Cash traded for political favours was stolen from the oil company, Petrobras said. “This is a case of institutional corruption, criminal conspiracy, and a massive fraud on the investing public,” the Gates Foundation said in its complaint.

Petrobras didn’t immediately reply to a request for comment on the Gates Foundation lawsuit.

Petrobras's corporate environment was widely corrupt and bribing was a standard procedure, according to police and prosecutors in Brazil.

"It is reasonable to deduce that most of the management knew what was going on," Marcio Anselmo, a federal police chief, said in an interview from Curitiba.

Investigators say the company was a victim of rogue executives who were overpricing contracts to fund political campaigns and bribe politicians.

Even if Petrobras didn’t benefit from the scheme, the company is responsible for its managers’ conduct, the investigators said.

“It is hard to dissociate the company from its managers,” prosecutor Carlos Lima said from Curitiba. “But Petrobras didn’t benefit. It lost, and, indirectly, its shareholders too.”

PricewaterhouseCooper showed willful blindness to the scheme in approving the company’s financial statements, the Gates Foundation said. “Petrobras and PwC have now admitted that Petrobras’s financial statements overstated the value of Petrobras’s assets and profitability by at least $17 billion, a figure which is likely understated and will only continue to grow,” the foundation said.

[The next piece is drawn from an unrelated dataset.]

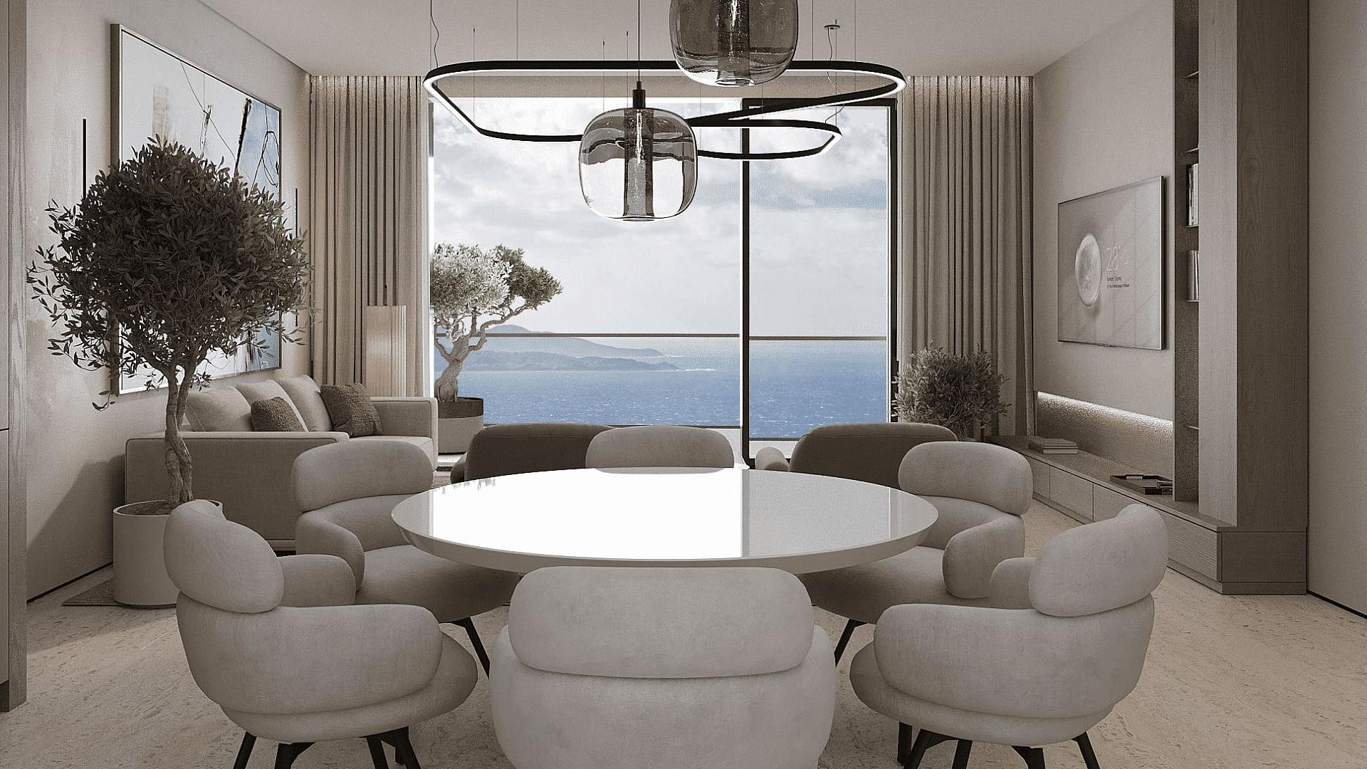 Apartment for sale in a modern complex in Tala, Paphos. It is a boutique complex of 18 carefully designed apartments. At the entrance, you are greeted by a bright hall with built-in hidden storage systems, which leads to a spacious kitchen-living room, fully furnished with elegant furniture and equipped with modern appliances. Top-class finish: natural materials, spacious glass facades and sophisticated interior elements.

Four former division heads have been accused of corruption and money laundering. One of them became a state witness. Lima said the scheme had a “criminal beauty” as internal controls appeared on paper to be adequate and that proper procedures were followed.

The bribes were technically paid by contractors, and not Petrobras, investigators said. Builders would form a cartel, overprice contracts and fake bids with the help of executives. The money was used to pay bribes. “What the company could have verified better was the bidding procedures,” Mr Lima said.